We've all seen ads for drugs proliferate in the last few years. But, until we saw "Big Bucks, Big Pharma: Marketing Disease and Pushing Drugs," we never realized the full breadth of the insidious marketing strategies of Big Pharma.

Frankly, it kind of takes your breath away.

Although it has long been the basic tenet of American consumerism that advertising is built upon persuading potential buyers to feel that they need something that they don't really have to have, it's startling -- to say the least -- to see this tactic applied to medications.

Furthermore, the pharmacy companies play "games" by repackaging drugs with the most minor of changes and creating consumer-driven demand for name-brand products that are much more expensive than comparable generics. They even create new syndromes, which they then persuade consumers that there is a need for treating these "maladies" with an expensive pill.

"Big Bucks, Big Pharma pulls back the curtain on the multi-billion dollar pharmaceutical industry to expose the insidious ways that illness is used, manipulated, and in some instances created, for capital gain.

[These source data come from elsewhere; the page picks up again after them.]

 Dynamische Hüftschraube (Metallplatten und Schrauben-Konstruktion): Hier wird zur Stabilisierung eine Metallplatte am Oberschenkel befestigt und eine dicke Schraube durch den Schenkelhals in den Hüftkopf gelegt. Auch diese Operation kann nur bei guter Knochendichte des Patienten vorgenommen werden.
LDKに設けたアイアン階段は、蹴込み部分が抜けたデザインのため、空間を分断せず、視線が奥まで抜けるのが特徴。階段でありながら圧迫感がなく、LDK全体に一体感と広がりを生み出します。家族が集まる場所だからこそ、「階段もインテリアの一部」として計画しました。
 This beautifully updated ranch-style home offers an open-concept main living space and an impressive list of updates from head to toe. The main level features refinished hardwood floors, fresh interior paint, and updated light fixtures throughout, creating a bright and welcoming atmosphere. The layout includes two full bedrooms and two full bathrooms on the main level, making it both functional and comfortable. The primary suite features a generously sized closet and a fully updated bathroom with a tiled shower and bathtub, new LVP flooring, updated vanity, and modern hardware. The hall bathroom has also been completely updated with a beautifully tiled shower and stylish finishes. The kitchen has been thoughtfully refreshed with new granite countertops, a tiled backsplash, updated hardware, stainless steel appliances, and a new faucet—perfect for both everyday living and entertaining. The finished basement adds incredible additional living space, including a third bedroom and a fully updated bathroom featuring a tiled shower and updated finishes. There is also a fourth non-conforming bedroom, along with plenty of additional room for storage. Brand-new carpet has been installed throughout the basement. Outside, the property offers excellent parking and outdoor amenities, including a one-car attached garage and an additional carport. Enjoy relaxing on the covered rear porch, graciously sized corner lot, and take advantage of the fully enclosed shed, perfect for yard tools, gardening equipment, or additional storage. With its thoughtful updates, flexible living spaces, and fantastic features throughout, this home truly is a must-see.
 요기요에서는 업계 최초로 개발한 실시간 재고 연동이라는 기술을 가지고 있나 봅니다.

Focusing on the industry's marketing practices, media scholars and health professionals help viewers understand the ways in which direct-to-consumer (DTC) pharmaceutical advertising glamorizes and normalizes the use of prescription medication, and works in tandem with promotion to doctors. Combined, these industry practices shape how both patients and doctors understand and relate to disease and treatment.

Ultimately, Big Bucks, Big Pharma challenges us to ask important questions about the consequences of relying on a for-profit industry for our health and well-being."

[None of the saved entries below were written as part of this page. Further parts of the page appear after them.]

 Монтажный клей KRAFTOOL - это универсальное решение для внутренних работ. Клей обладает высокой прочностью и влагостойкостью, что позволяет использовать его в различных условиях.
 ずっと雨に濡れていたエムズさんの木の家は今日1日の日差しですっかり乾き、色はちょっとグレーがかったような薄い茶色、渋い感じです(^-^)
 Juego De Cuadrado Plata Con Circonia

Narrated by Amy Goodman, this is a power-packed documentary with a punch.

"Big Bucks, Big Pharma" rips away the industry claim that they charge high prices for medications only because they are nobly interested in research that will bring new miracle drugs to the marketplace.

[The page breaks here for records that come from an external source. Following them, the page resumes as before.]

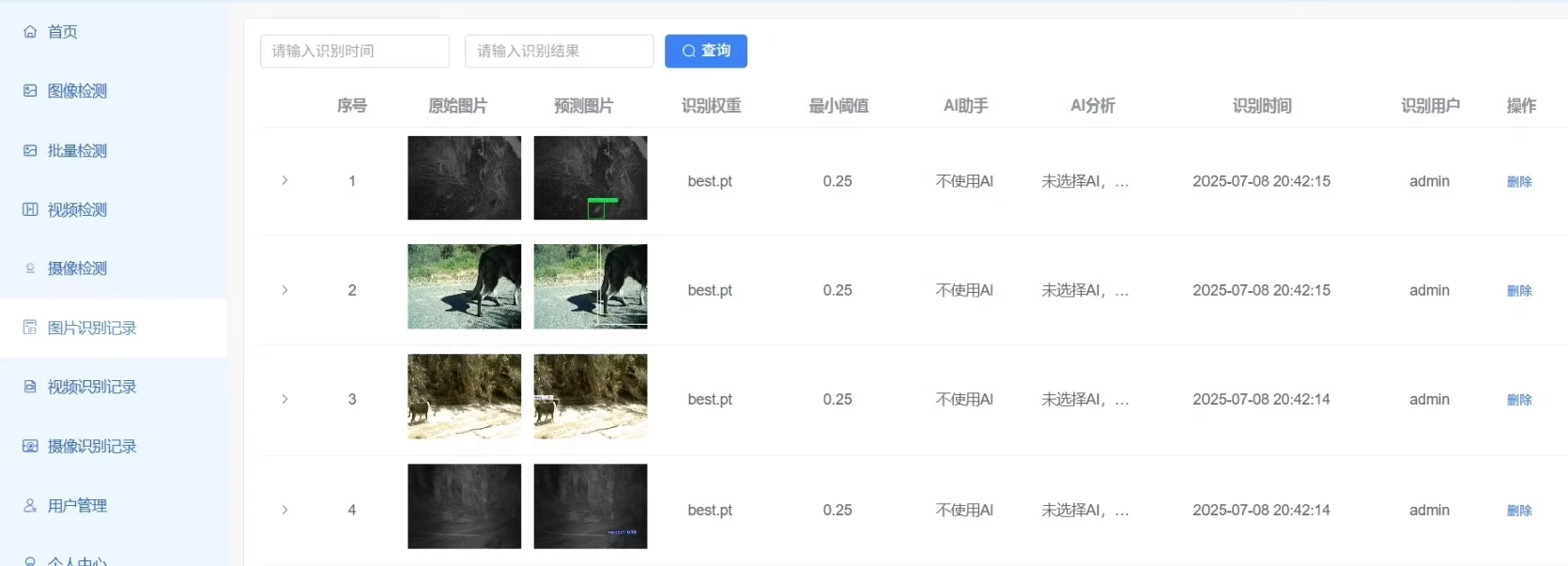 详细结果记录:预测时间、预测图片、操作记录
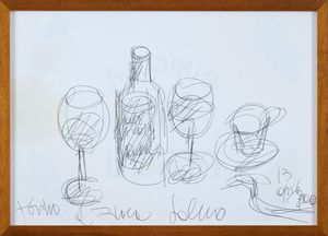 Biro su carta, cm. 30x41 2013 Firma e data in basso a destra, dedica in basso a sinistra.
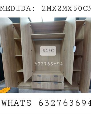 Armario de madera con un diseño moderno y funcional. Nuevo empaquetado! Hacemos envíos y montajes a domicilio contrareembolso. También nos pueden contactar a través de WhatsApp al 632763694 - Medidas: 2 metros de alto x 2 metros de ancho x 50 cm de fondo. - Incluye dos cajones en la parte inferior.

In fact, high prices are often now driven by creating what is called a "push-pull" demand, in which consumers ask doctors to prescribe medications based on advertisements that the former has seen in the media. Many of these prescriptions are for symptoms that might not even need medication -- or for drugs that could be replaced with far less expensive generic pills.

In short, the pharmaceutical companies are ripping us off. Selling medications to consumers to them is basically no different than selling us Big Macs -- very, very expensive Big Macs.

It is, in essence, a scam.

Yes, we are to be thankful for medications that do wonderful things for people with physical diseases and mental health problems. But the industry that created effective pharmaceuticals decided that it wasn't enough to treat actual diseases; it would profit even more if it could persuade us that expensive drugs treated phantom diseases -- or highly-profitable "repackaged" drugs were more effective than their generic counterparts.

With healthcare costs being an increasing burden on Americans, the pharmaceutical industry is -- this film leaves no doubt -- ripping us off right and left.

And they have billions of dollars in profits to keep Congress from doing anything about it.